Sunday, January 21, 2018

January, the Cruelest Month




This is a photo of me with my mother and father. It was probably taken in the winter of 1941-42. I would have been between 15 and 18 months old. 

My parents look happy. My dad was a young attorney in Meadville, the county seat of Crawford County in northwestern Pennsylvania.  He was ambitious. He'd just been elected District Attorney at the age of 29. Mom was probably at home with me. Their happiness, if that's what they had, did not last.

I'm told that they met at the Republican Picnic in the early 30's. Her parents had just bought acreage north of Meadville Her father was an attorney who'd recently retired because of chronic migraines. Her parents were remodeling the old farmhouse. The built-in bookcases, wainscoting and radiator covers were all of wormy chestnut. Grandmother said my dad probably thought they had money. They didn't. 

Mother was two years younger than Dad. While he was in law school at Pitt, Mother began college in Kentucky, majoring in piano.  The college soon notified her parents that Mother was taking a bus to Pittsburgh every weekend. "Probably meeting a man," they said. She was. They were married in 1933. 

In 1946, they divorced. They'd found out by then how incompatible they were.  He'd pictured a life without children and thought she'd be happy working as his secretary. in his law office. She pictured a house full of children. His idea of a good time was a night on the town. Hers was to cuddle up with a good book. Both sets of in-laws found fault with their children's mates. He ran around too much. She was a lousy housekeeper. She once scorched his shirt by trying to read a book while ironing.

After the divorce, she  moved to Florida, taking my four-year-old sister with her. I was supposed to join them when the school year ended. My dad, friends with the judge, ignored the agreement.  I lived with his parents, my Grammy and Grampy, until he remarried in 1949.  Mother immediately married a man she'd known in Meadville. A mason by trade, he'd already gone to Florida to find work during the post-war construction boom. They had three daughters.

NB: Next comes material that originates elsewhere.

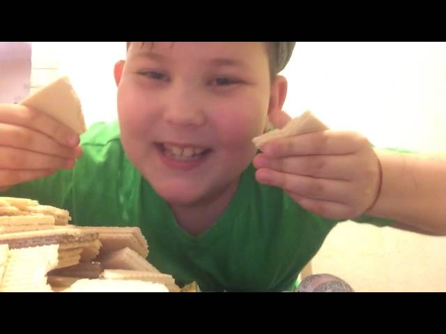 При этом мальчик, взявший себе сценическое имя ВитьОК, снимает себя на фоне горы вафель и конфет, а в конце шуточного ролика он пробирается к холодильнику с тортом.

Fifty-six years ago, on January 22nd, my father died in a plane crash. It was a small plane belonging to a small company owned by friends, for which he did some part-time legal work. He would have been 49 years old on January 26th. My stepmother later told me he hadn't wanted to fly to Buffalo that wintery weekend, but off he went. On the way back to Meadville, the plane iced up during a stopover in Erie and crashed upon takeoff.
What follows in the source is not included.